Но с особенной признательностью я вспоминаю широкие пруды с их зарастающей водяной гладью и тихо сочащимися от пруда к пруду речушками. Летом мы, точно пираты, плавали по ним в лодках, стараясь быстро пересечь открытые места, нырнуть в камыши, притаиться под мостами, по которым грузной походкой проходил инспектор или ковылял Дитяткевич… С осени, когда пруды начинали покрываться пленкой, мы с нетерпением следили за их замерзанием… До сих пор еще в моих ушах стоит переливчатый стеклянный звон от камней, бросаемых с берега по тонкому льду… Лед становится крепче, на нем уже стоят лебеди, которых скоро уберут на зиму, потом мы с братом привязываем коньки и, с опасностью провалиться или попасть в карцер, пробуем кататься. Через неделю после наших опытов с берега на пруд торжественно спускается Степан Яковлевич, сторож Савелий пробует лед пешней, и наконец официально разрешается катанье. Каждый день после обеда на пруду вьются сотни юрких мальчишек, сбегаясь, разбегаясь, падая среди веселой суетни, хохота, криков.

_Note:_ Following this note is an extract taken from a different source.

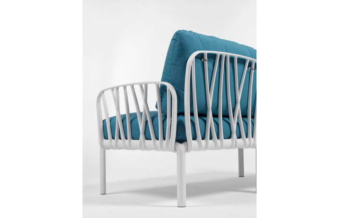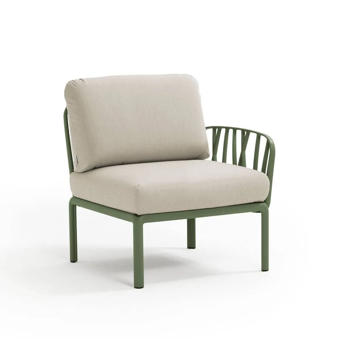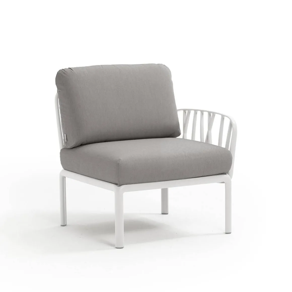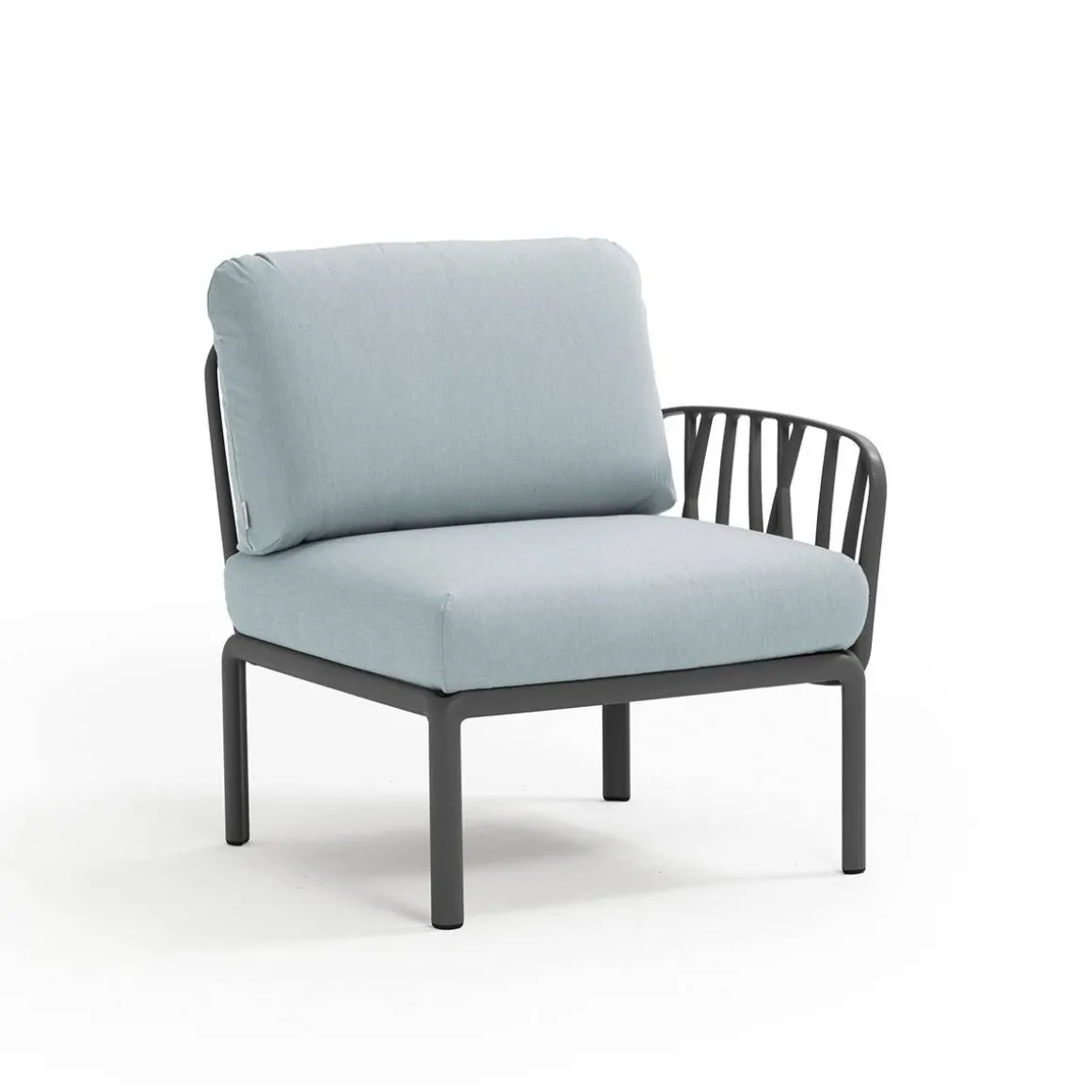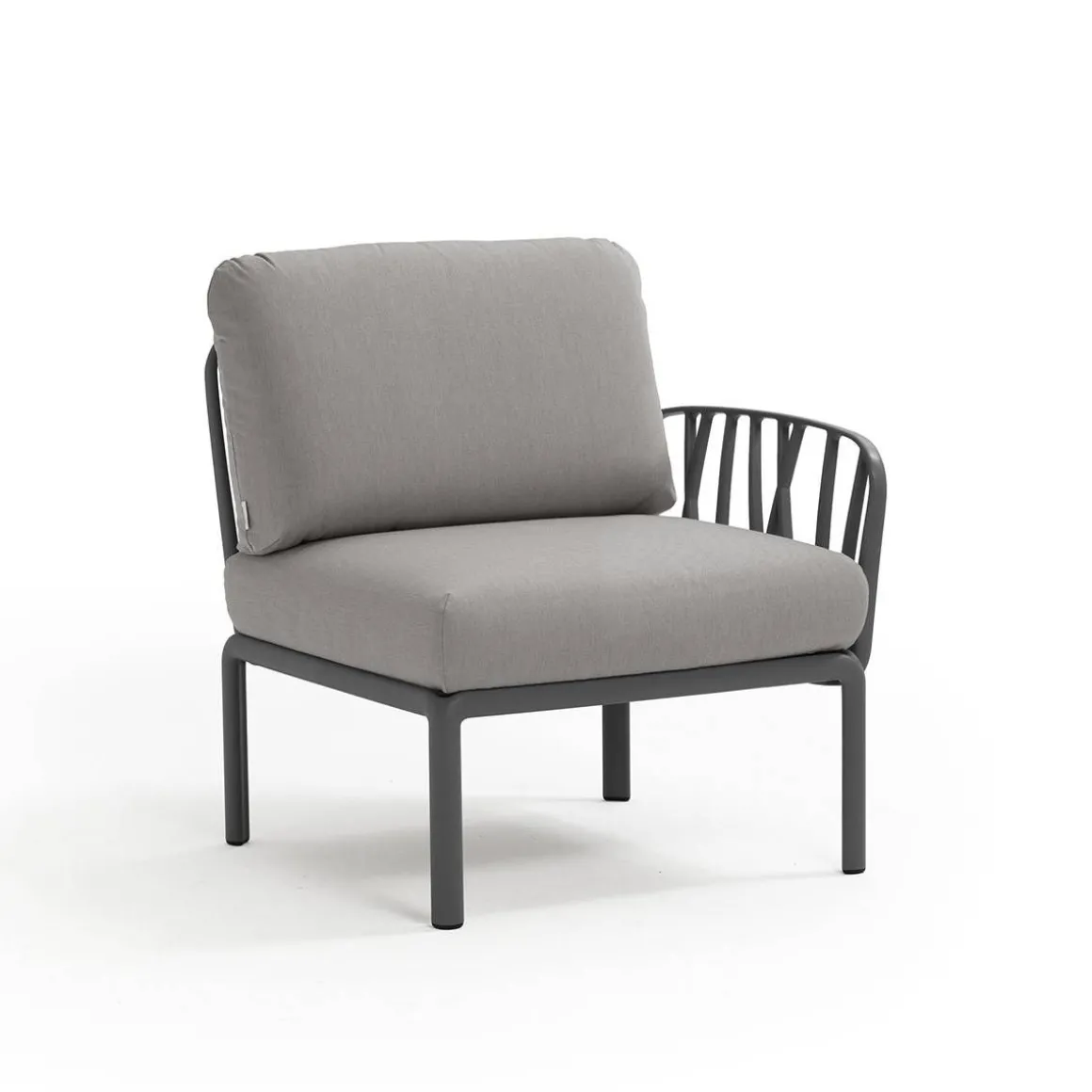 Fauteuil à accoudoir (droite ou gauche) en résine fibre de verre et élément rembourrés pouvant être configuré comme élément initial ou final dans une composition d’assises modulaires de la collection Komodo.

Между мелюзгой, точно осетры в стае мелкой рыбешки, неуклюже качаются на коньках учителя. Вот огромный Петров, точно падающая башня, вот даже Лемпи, без коньков, весь красный от мороза, рассказывает, как они бегали на коньках в школе Песталоцци. Немец Глюк, заменивший Кранца, долго не мог выучиться даже стоять на коньках и заказал себе коньки с двойными полосками. Стоять на них удобно, но поворачиваться трудно. Крепкий ветер подхватывает его небольшую фигурку в широкой шубе и мчит по гладкому, как зеркало, льду прямо к речке. Мы кричим ему, что на речке опасно; бедный немец размахивает руками, шуба его распахивается, как парус… Через минуту он на черном непрочном льду, который трещит и проваливается. Глюк ухает в воде, к счастью не на глубоком месте. Малыши связывают башлыки, выстраиваются в ряд, самый легкий подбегает к речке и кидает башлык. Затем по команде вся вереница с пением и криками «ура» выволакивает мокрого Глюка на крепкое место.
В особенно погожие дни являются горожане и горожанки. Порой приходит с сестрой и матерью она,кумир многих сердец, усиленно бьющихся под серыми шинелями. В том числе — увы! — и моего бедного современника… Ей взапуски подают кресло. Счастливейший выхватывает кресло из толпы соперников… Усиленный бег, визг полозьев, морозный ветер с легким запахом духов, а впереди головка, уткнувшаяся в муфту от мороза и от страха… Огромный пруд кажется таким маленьким и тесным… Вот уже берег…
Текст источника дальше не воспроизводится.